|Bohr, Heisenberg, and Pauli|
The Measurement problem in quantum mechanics is indeed a problem, but Neil Bates and I have a Copenhagen-ish attitude re interpretations of QM: mainly don't worry about things you can't test or know ... yet.
I don't particularly like weak-ish Copenhagen, let's just say I find it the least distasteful of QI, and of course it is very weak, very general, like that most general of equations, Wheeler-DeWitt: H(phi) = 0 = the wavefunction of the Universe times the Hamiltonian (energy) of same = 0.
There's politics in everything I'm afraid. MWI was most likely an attempt by John Archibald Wheeler to show that Richard Feynman wasn't his only great charge, so he helped Hugh Everett III pursue his crazy idea. I'm sure MWI is mathematically tight, but Math isn't Physics.

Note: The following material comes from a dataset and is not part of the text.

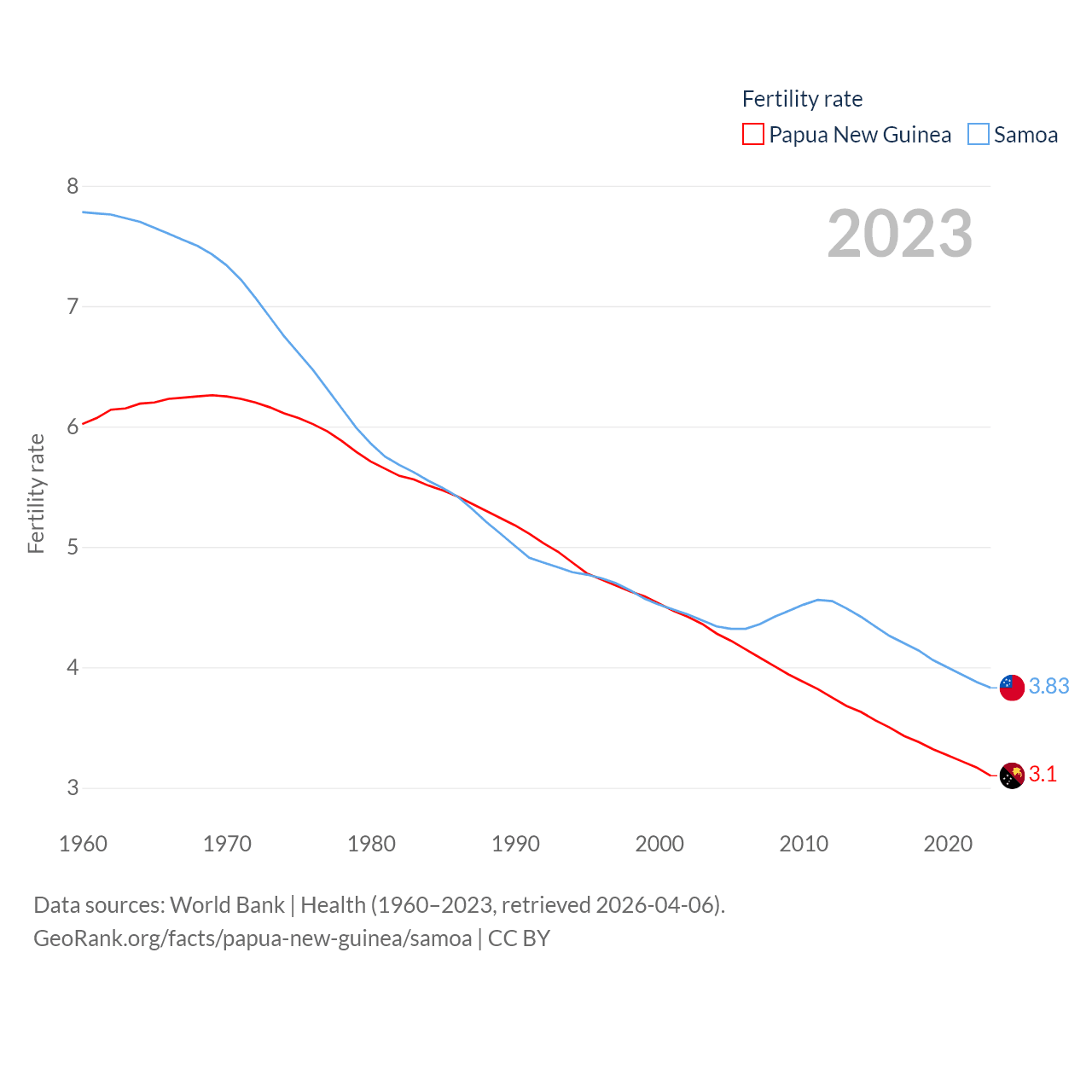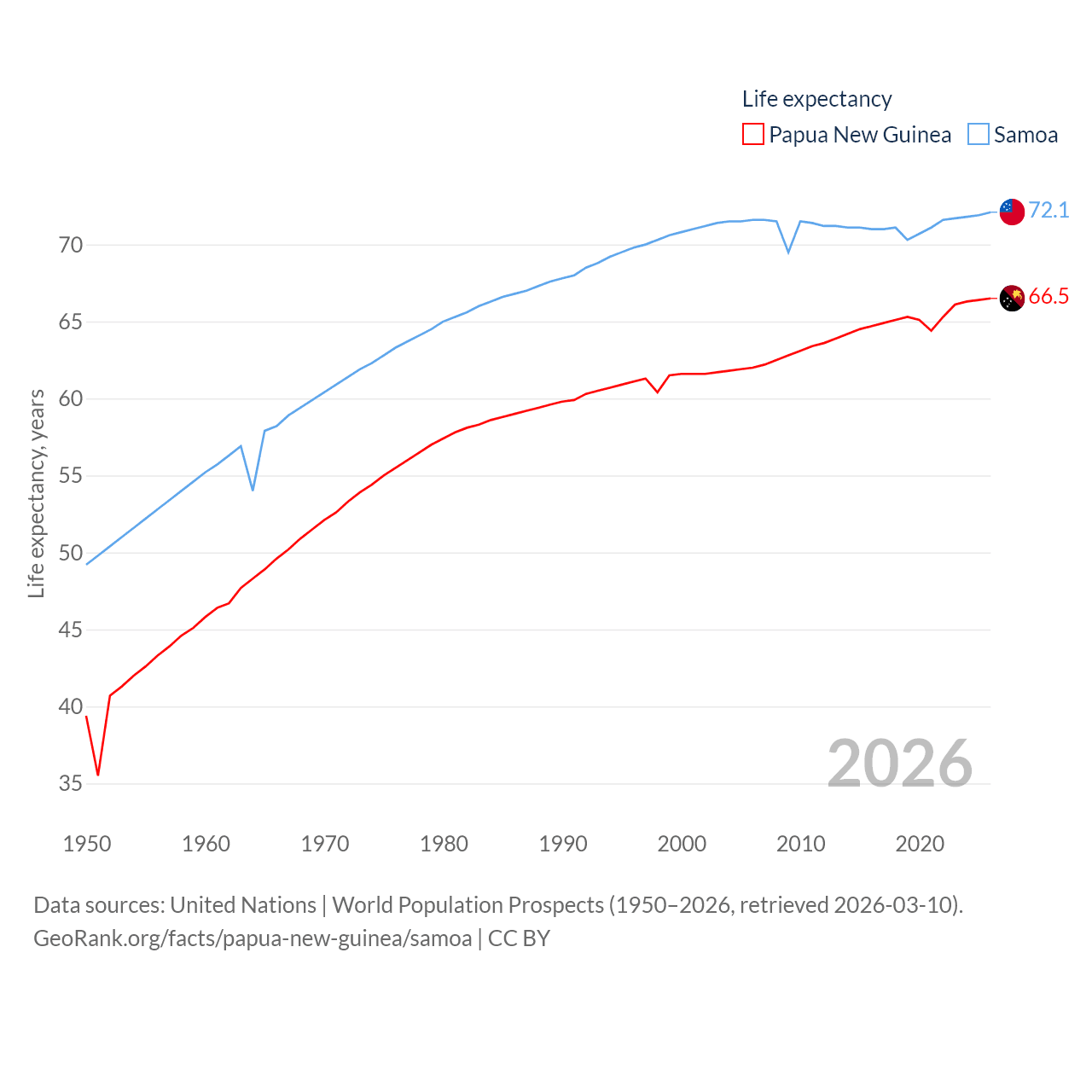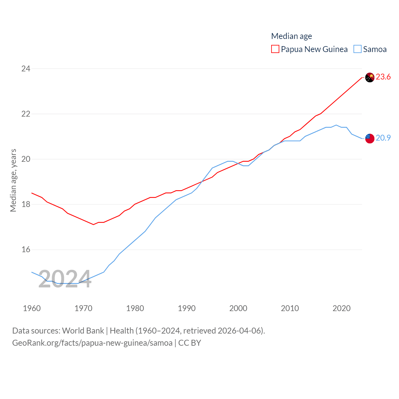 Papua New Guinea has a population of 10.6M (ranked 92/197), compared with 218K in Samoa (ranked 177/197). Papua New Guinea's land area is 174,850 sq mi versus 1,073 sq mi for Samoa (ranked 54th vs. 168th).

My own view about Decoherence is yes it exists, but only up to a point. Literally, a point, a quanta, after which that event which disturbed the Universe may not, for all intents and purposes, have occurred at all from the point of view of everything beyond that.
Again from this Engineer's perspective and possibly wrong (which implies possibly right), Zero is the real deal but Infinity is just a concept. The wavefunction is continuous and is a nice approximation of reality, but reality gives only the illusion of continuity, and in fact we know we live in a discrete universe on the atomic and subatomic scales.
This is why I love Fourier Series and Analysis. On the smallest scales sine waves may become sawtooth waves, the excitations in the fields, the "particles."